I have picked out a new mommy and daddy for you. They are wonderful! We have all decided an open adoption is best for all of us, especially you! We are so excited to meet you!
I will always be there for you, even if I seem far away. I pray that you forgive me. Know always that I love you, Isabel. You are my only reason.
* * *
Marlena writes no letter of love for her child. Marlena hasn’t named her child. Marlena just goes on about life as if nothing has changed. Soon, it will be forever changed.
* * *
Both women go into labor on October 17th.
* * *
Mary is surrounded by friends and family, including the adoptive parents she has chosen, in the labor room.
The adoptive mother, Anna, and Mary pass the time by walking the halls of the Maternity Unit. They talk about their families and the future of their daughter. They look at the tiny bundles nestled in the nursery. Mary feels good about her choice.
* * *
Marlena is in her basement alone. Her mother is passed out drunk upstairs and her father is once again out of town on a “business trip.” She tries not to panic. Marlena can’t just tell her parents now! It is too late. She knows what she must do.
The contractions are coming very quick and hard. She shoves a towel in her mouth to stifle her screams as she pushes with all of her strength.
Marlena gives birth to a tiny baby boy on the cold cement floor of her basement.
* * *
After 24 hours of labor, finally, Isabel is here! Mary is the first to hold her tiny daughter. Tears fill her eyes as she gazes upon her pink newborn daughter.
Mary looks over at Anna’s face. It is just as radiant as Mary’s. “Come and meet your new daughter” Mary says to her.
Ever so gently Mary places the child into her new Mother’s arms. “She is yours,” Mary says, fighting back tears. “No,” Anna says, “she is ours.”
Flowers in hand, Anna’s husband, Tom, walks in, smiling ear to ear. He walks right to Mary and kisses her glistening forehead. “Want to hold her, Tom?” Anna asks. “You bet!” Tom replies as his wife hands him the baby. “God has heard our cry and granted our petition, for this we are thankful.” Tom proclaims.
Together they all celebrate their daughter’s new life.
* * *
Marlena cuts the child’s cord with a razor from an old leg shaver she found in the bathroom. She is thankful he is so quiet. Quickly, she wraps her son in a white towel.
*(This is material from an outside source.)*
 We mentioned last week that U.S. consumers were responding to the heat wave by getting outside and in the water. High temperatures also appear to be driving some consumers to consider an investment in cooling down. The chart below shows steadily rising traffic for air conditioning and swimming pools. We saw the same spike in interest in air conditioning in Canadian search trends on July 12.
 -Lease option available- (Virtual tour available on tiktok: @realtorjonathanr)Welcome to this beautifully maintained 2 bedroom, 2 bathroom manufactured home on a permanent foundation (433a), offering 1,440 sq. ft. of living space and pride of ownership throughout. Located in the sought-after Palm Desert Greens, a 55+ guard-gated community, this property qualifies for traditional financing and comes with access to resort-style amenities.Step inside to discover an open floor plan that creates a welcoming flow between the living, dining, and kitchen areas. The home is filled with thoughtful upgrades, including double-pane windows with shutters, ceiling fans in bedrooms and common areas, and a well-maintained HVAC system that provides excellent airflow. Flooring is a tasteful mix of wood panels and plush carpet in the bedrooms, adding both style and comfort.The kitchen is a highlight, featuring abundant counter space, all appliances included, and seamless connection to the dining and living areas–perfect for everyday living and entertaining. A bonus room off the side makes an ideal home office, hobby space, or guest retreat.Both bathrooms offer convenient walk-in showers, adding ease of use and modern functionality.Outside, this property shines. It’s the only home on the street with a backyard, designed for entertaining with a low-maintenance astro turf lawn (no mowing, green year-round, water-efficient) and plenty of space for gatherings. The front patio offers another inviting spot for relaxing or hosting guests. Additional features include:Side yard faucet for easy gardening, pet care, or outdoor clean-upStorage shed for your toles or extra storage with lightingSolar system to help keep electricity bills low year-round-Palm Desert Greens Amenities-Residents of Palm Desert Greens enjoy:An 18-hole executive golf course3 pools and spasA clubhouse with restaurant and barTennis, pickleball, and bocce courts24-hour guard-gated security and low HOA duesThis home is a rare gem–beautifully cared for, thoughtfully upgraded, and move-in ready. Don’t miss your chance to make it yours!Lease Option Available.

Marlena cleans up the blood and throws her soiled clothes into the washing machine. She dresses into fresh clothes and picks up the towel with the child inside. She creeps slowly upstairs and out the back door.
The night air is unseasonably warm. She runs over to the dark grocery store across the street. Marlena prays no one sees her.
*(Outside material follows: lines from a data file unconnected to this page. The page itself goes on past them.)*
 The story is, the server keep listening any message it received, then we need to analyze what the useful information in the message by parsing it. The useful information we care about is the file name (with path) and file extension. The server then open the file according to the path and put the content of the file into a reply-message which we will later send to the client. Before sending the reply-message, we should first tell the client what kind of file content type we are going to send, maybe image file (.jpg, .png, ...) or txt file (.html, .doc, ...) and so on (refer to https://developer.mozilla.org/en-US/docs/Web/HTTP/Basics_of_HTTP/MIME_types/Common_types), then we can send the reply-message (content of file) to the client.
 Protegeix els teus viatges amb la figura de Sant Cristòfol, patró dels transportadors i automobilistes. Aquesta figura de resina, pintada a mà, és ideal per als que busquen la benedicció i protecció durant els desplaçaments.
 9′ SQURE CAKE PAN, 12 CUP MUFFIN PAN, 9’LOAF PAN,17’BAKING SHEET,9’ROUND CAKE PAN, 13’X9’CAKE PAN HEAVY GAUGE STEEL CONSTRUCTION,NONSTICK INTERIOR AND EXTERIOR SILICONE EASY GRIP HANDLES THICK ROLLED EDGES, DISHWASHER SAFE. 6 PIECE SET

With caution she walks up to the dumpster, the child still in the bloody towel. Marlena is numb as she places the wheezing boy into the trash. She places an old newspaper on top of her still son. Without any emotion, she turns to leave.
* * *
Bob is relaxing by the television. Suddenly, he is disturbed when he swears he hears a baby crying outside his window.
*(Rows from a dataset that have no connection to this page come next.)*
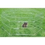 Volledig in kippendraad (zijkanten en dak ) voorzien van afdakzeil zodat de dieren beschermd zijn tegen regen en zon . Verkrijgbaar in verschillende a
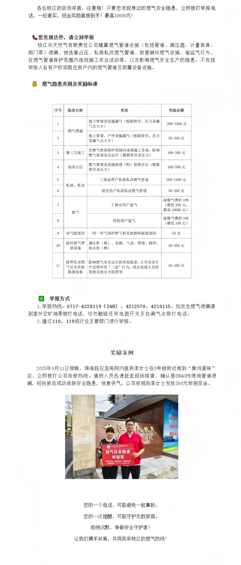 @枝江街坊 發(fā)現(xiàn)燃?xì)怆[患,馬上打電話!現(xiàn)金獎勵等你拿→
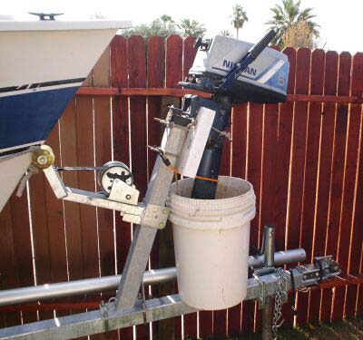My motor had been sitting for a long time and I wanted to test run it to make sure the carb wasn't all gummed up. Scratching my head, looking for some place to hold the motor upright and put a bucket of water underneath. The first thought was to prop something under my existing transom motor mount, but I had seen others with mounts on their winch posts, so I decided to give it a try.

Finally, he investigates. Bob is surprised to find a baby wrapped in a bloodied towel in the trash. “May God have mercy,” he mutters. “Joyce, call 911!”
* * *
Two months later Mary is visiting Isabel and her new adoptive family. She is welcomed in their home and hearts by family and friends of the adoptive couple. Mary giggles as Isabel’s new dad shows Mary how he can change a diaper with only one hand.
When she gets home she looks at some pictures and grieves over the child she placed lovingly for adoption. Her tears are bittersweet. Mary is mourning her loss, but she is rejoicing in her child’s gain.
* * *
Two months later, Marlena is standing trial for the abandonment of her child. She gets probation for five years and is forced to go to counseling. Marlena’s mother tells her she is disgusting.
Marlena just wants it to go back to the way it was before she was pregnant. That is all Marlena has ever wanted.
* * *
Marlena and Mary both are called “birthmothers” by society. To me, and many other birthmothers as well, this is an insult to the sacrifice and the very love it took to make the choice to place our children for adoption.
You can see the love Mary had for her child. To ensure her child’s best interest, Mary made what she felt was the best choice.
You can also see the lack of love Marlena had for her child and herself. She didn’t put either of their best interests into consideration.
I have asked myself time and time again why some still look down on me for my decision to place my daughter. Could it be they do not see me, but instead they only see the latest news story of the “birthmother” who dumped her helpless newborn in a trash can?
I feel I should not have to share the same label as these women. We certainly do not share the same love for our children. Why should we share the same name?
I placed my child for adoption. I did not “place” my child into a trashcan. I did not “place” my child in intensive care so that the State had to step in. I literally “placed” my daughter in the arms of her new mother.
When I think back to the time when I was pregnant with my daughter and all that I went through to ensure her future … when I think of the tears I have shed and the brokenness I have felt … why shouldn’t I be enraged when I am put in the same box with women who leave their babies for dead?
You may be wondering what the solution could possibly be. I am wondering the same thing myself.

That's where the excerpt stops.